The sad part of it, however, is that with the help of the media pure food items are denigrated and artificially processed items are offered as the only alternative.
Multinational food chains are exploiting indigenous resources, changing the eating habits of the local people, impacting the local economy negatively and maximising their own profits.
The role of educational institutions in creating awareness among their students is not satisfactory. A number of big educational institutions are in fact advocating and promoting fast food items by housing the outlets of these items on campus.
In return they get monetary benefits in the shape of a building facility or provision of furniture, etc. In this way these fast food items and beverages get the validation of another social institution, the school/college/university. This validation is important as it further legitimises the social reality already constructed by the media.
The role of schools in creating awareness about food and eating habits is very important. It should be a part of the educational agenda of social awareness. If the schools are convinced that junk food is not good for the students they should not house such outlets on campus.
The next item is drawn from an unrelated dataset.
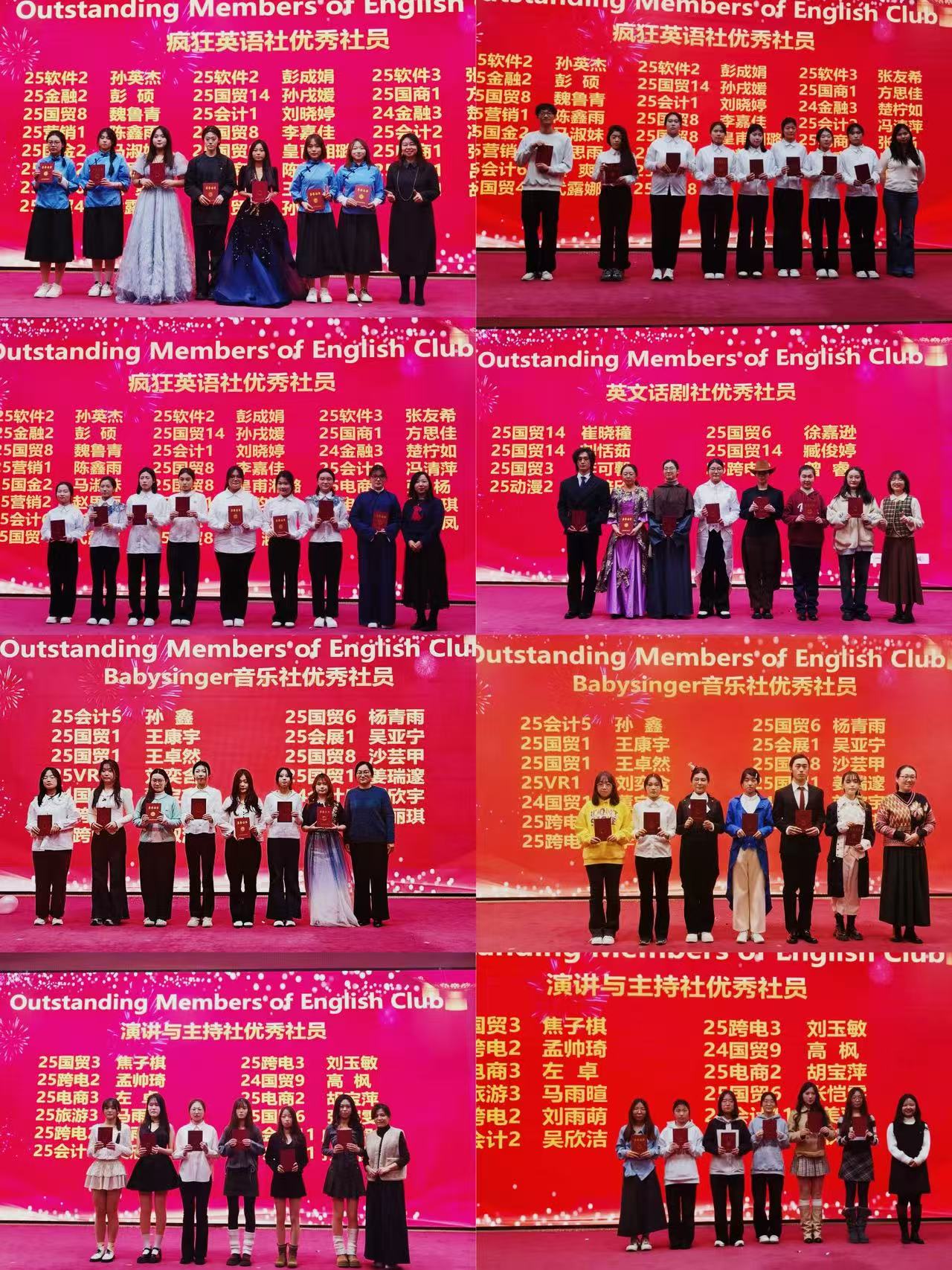 本次展演汇聚了俱乐部四个英语社团本学期活动的精彩成果。动感的开场和《Love Story》的深情演绎瞬间点燃了现场,轻松的游戏环节使气氛欢快热烈。疯狂英语社的英文诗朗诵《The Youth》讲述着学生们对青春的理解和愿景;英文话剧社社员声情并茂地复现了《傲慢与偏见》《寻梦环游记》两部经典作品,使观众在异域文化中沉浸式感悟人生;英文演讲与主持社的电影配音和朗诵《少年之心 远之大梦》用英语讲述了新一代青年的拳拳爱国心;Babysinger音乐社的音乐剧《汉密尔顿》片段以及《This is Me》小合唱更是将展演推向了高潮。活动中,英语俱乐部还对25国贸1班王康宇、25跨电2班刘雨萌等55名优秀社员进行了表彰。伴随着温情的精彩活动回顾和新年祝福,英语俱乐部2025年精品活动展演及本学年的社团活动圆满结束。

The schools need to organise seminars to share with the students the impact of different fast food items that contain harmful ingredients.
The students should also be told about pure food items and their impact on the body. These seminars could be conducted by doctors, nutritionists or environmentalists. Such awareness campaigns should be a part of the school curriculum as education is not just about getting a certificate but also creating greater social awareness and enhanced freedom of choice.
The writer is director of the Centre for Humanities and Social Sciences at Lahore School of Economics and author of Rethinking Education in Pakistan.